Markaya ve pazarlama iletişimine ne kadar yüksek bütçe ayırırsan ayır, hangi kanallarda ne kadar müthiş kampanyalar yürütürsen yürüt; markanın en önemli elçileri çalışanlardır.
Denklem basitçe şöyle; eğer bir çalışan şirketin dışarıya aktardığı değerleri içleştirmeyi başardıysa ve bu değerlere uyumlu geliştirilmiş bir kültürde çalışıyorsa işine daha fazla bağlanır ve sahip olduğu yüksek motivasyonla müşteriye daha iyi ve kaliteli hizmet sunar. Çalışanın adına çalıştığı şirkete olan inancının artması, şirketin dış dünyadaki algısını da olumlu yönde etkiler.
Marka kimliğinin temellerini şirket kültürünü oluşturan değerler oluşturur.

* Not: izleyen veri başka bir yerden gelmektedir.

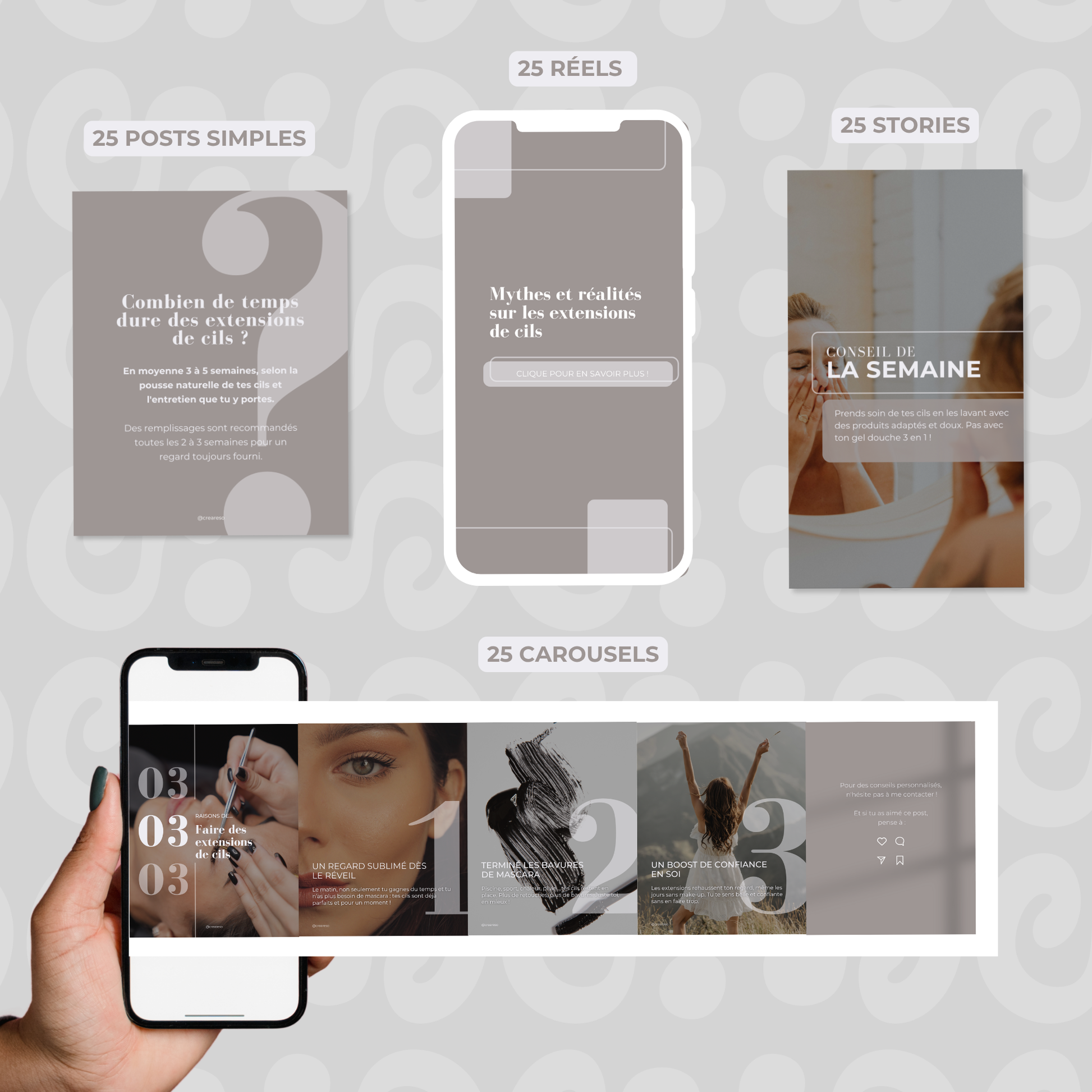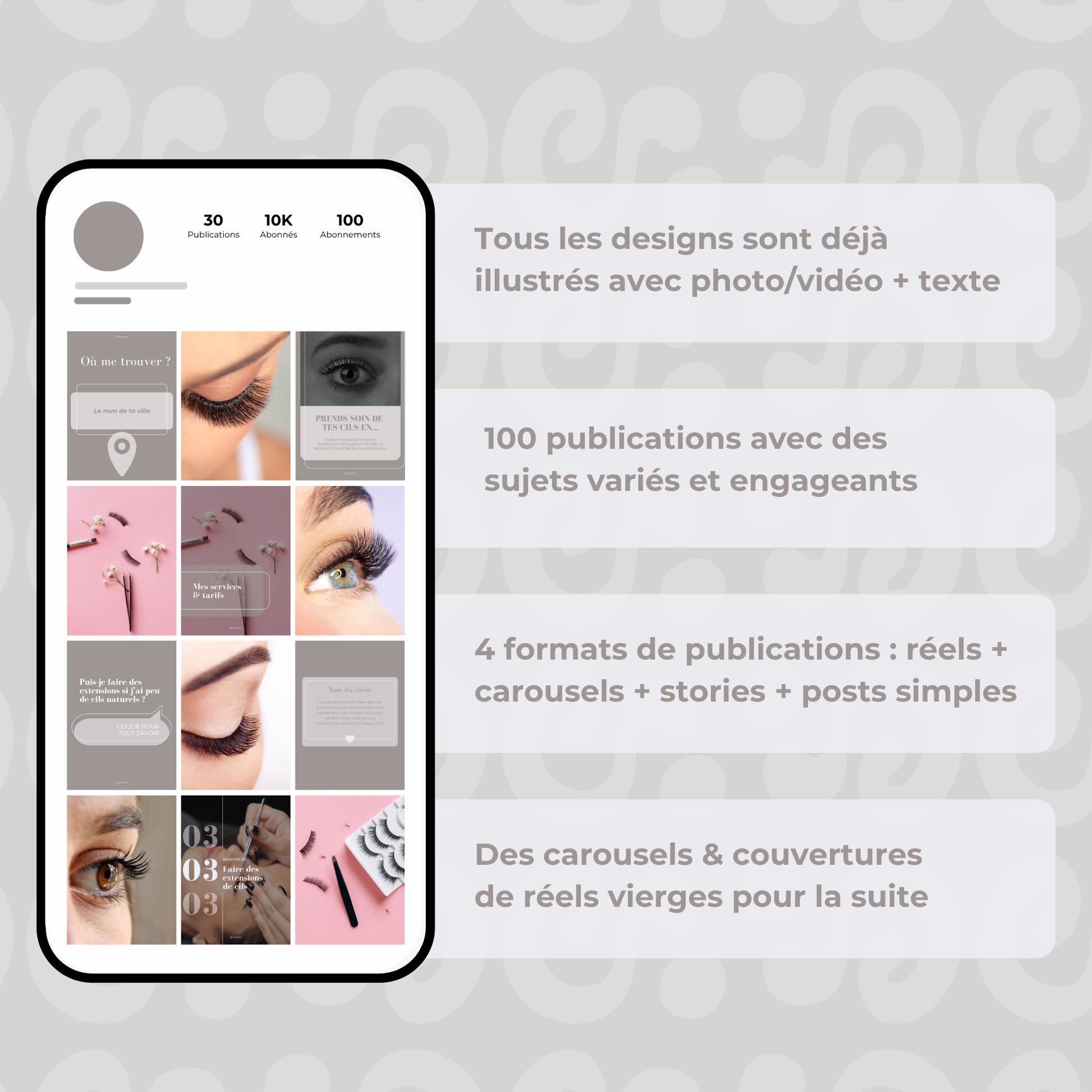 100 publications pensées pour attirer et fidéliser ta cible client : conseils et astuces, questions fréquentes, expériences clients, anecdotes amusantes...

Örneğin yenilikçi, sürdürülebilir, sosyal sorumluluk ve müşteri odaklılık gibi kavramları benimseyen bir markanın iletişimi de bu kavramların üzerinde ve etrafında sürdürülecektir.
Bu iki değeri birbirini zaman zaman tamamlayan zaman zaman da destekleyen bir yapıda kullanan bir marka, sadece ürün veya hizmet sunan bir personadan çıkarak güçlenir ve kültürel bağlamda da bir kimlik kazanır.
Şirketin kültürü ve marka iletişimi arasındaki köprüyü oluşturan en önemli bileşenler şirketlerin içinden yükselen liderlerdir. Bu kişilerin davranış biçimleri ve iletişim kurarken takındıkları tavırlar aynı zamanda markanın dış dünyayla nasıl iletişim kurduğunu da belirler.
Dolayısıyla markayı özgün bir hale getirirken marka liderlerinin markanın sahip olduğu değerlere uygun biçimde hareket etmesi beklenir.
Lider doğal olarak “ardından sürükleyen” bir konumda olduğundan şirketin diğer çalışanlarında güven uyandırıp bağlığık yaratma gücünü taşıyan önemli bir aktördür.